- Opening Delimiter -

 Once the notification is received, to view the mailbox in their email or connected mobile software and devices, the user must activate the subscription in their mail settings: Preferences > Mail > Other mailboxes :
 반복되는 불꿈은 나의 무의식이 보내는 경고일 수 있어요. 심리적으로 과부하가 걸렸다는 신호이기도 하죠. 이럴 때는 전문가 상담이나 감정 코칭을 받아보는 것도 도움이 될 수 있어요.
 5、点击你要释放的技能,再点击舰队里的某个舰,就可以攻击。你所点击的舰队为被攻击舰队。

- Closing Delimiter -
- Opening Delimiter -

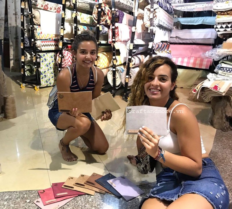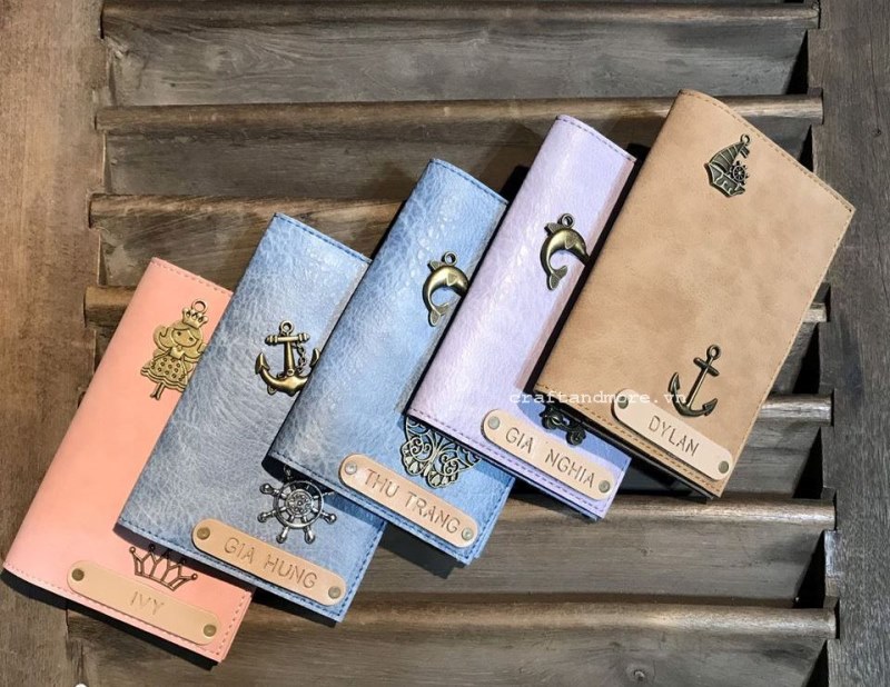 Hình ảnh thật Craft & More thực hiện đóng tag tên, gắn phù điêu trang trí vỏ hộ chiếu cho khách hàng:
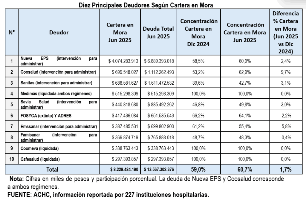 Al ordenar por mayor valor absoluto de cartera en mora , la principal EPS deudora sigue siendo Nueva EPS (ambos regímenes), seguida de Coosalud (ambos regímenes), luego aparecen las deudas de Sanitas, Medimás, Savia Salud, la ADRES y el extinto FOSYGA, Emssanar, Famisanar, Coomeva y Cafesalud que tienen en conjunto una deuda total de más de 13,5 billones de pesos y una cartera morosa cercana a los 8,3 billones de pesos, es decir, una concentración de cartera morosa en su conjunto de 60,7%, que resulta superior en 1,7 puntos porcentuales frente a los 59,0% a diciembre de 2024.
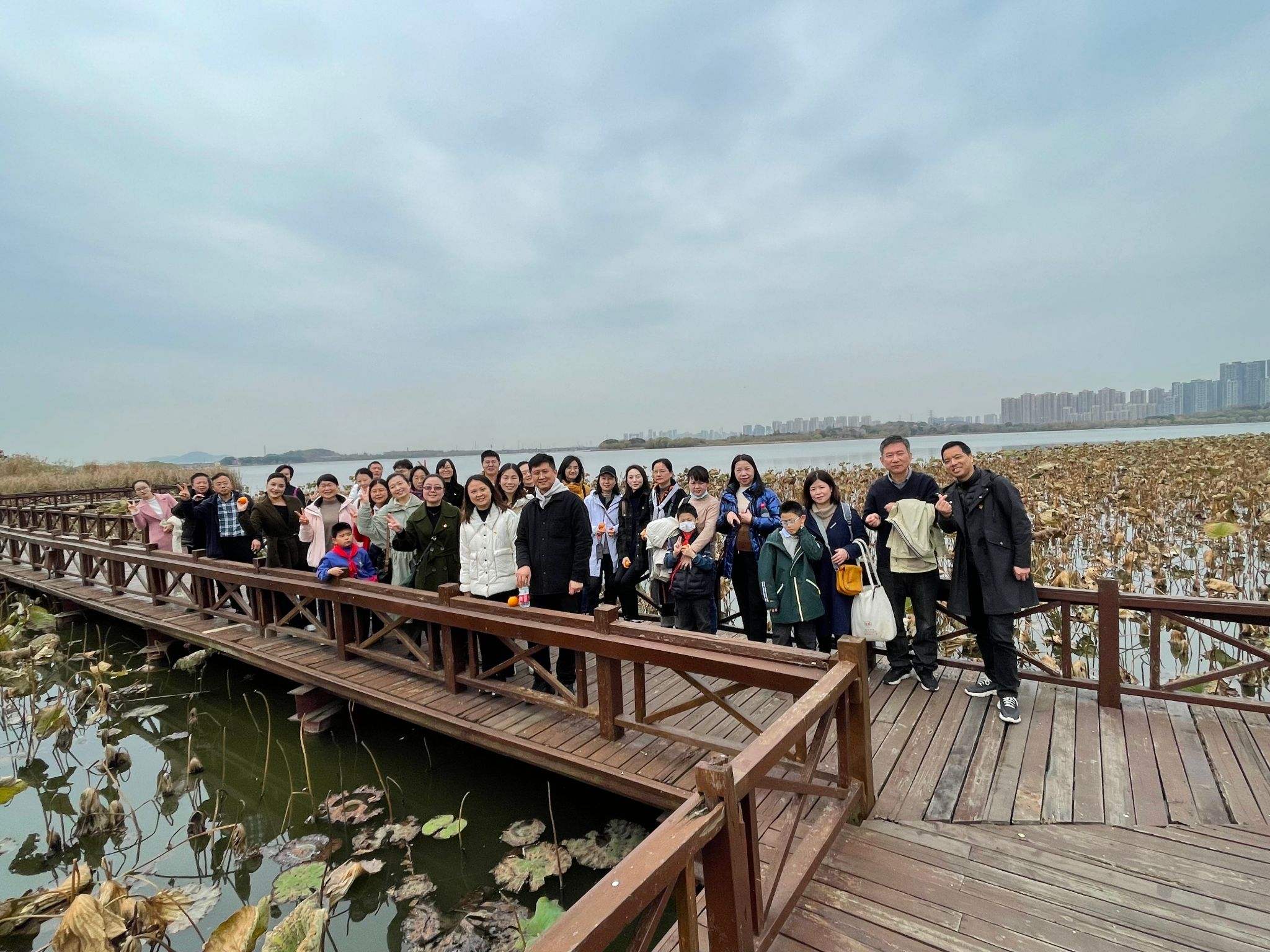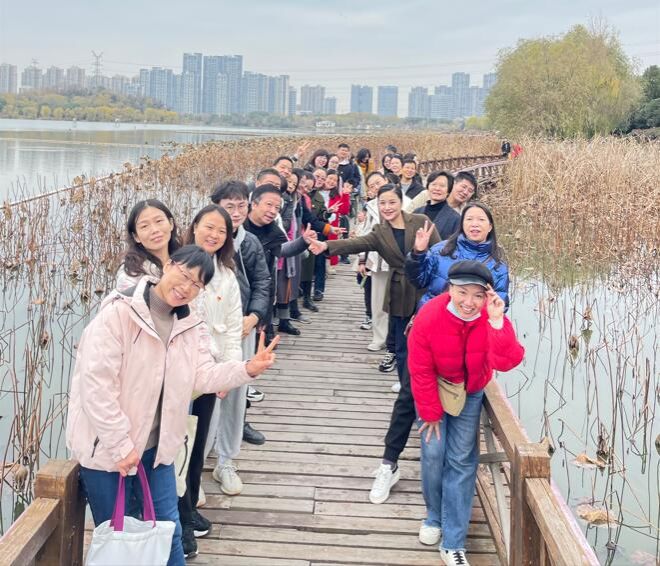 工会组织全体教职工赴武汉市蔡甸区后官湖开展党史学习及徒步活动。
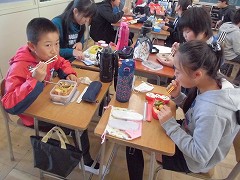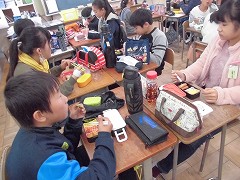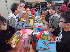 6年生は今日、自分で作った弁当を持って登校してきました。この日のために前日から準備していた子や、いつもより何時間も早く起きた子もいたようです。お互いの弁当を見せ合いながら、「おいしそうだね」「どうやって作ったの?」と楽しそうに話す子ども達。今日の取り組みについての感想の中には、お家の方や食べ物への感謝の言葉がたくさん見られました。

- Closing Delimiter -
- Opening Delimiter -

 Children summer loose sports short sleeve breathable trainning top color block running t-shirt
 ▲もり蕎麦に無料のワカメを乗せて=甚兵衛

- Closing Delimiter -

- [EXERCISE]:
From the records above, extract the lines from the one holding "Hình ảnh thật" through the one holding "6年生は今日、自分で作った弁", word for word; omit the pictures.

- [RESULT OF THE TASK]:
 Hình ảnh thật Craft & More thực hiện đóng tag tên, gắn phù điêu trang trí vỏ hộ chiếu cho khách hàng:
 Al ordenar por mayor valor absoluto de cartera en mora , la principal EPS deudora sigue siendo Nueva EPS (ambos regímenes), seguida de Coosalud (ambos regímenes), luego aparecen las deudas de Sanitas, Medimás, Savia Salud, la ADRES y el extinto FOSYGA, Emssanar, Famisanar, Coomeva y Cafesalud que tienen en conjunto una deuda total de más de 13,5 billones de pesos y una cartera morosa cercana a los 8,3 billones de pesos, es decir, una concentración de cartera morosa en su conjunto de 60,7%, que resulta superior en 1,7 puntos porcentuales frente a los 59,0% a diciembre de 2024.
 工会组织全体教职工赴武汉市蔡甸区后官湖开展党史学习及徒步活动。
 6年生は今日、自分で作った弁当を持って登校してきました。この日のために前日から準備していた子や、いつもより何時間も早く起きた子もいたようです。お互いの弁当を見せ合いながら、「おいしそうだね」「どうやって作ったの?」と楽しそうに話す子ども達。今日の取り組みについての感想の中には、お家の方や食べ物への感謝の言葉がたくさん見られました。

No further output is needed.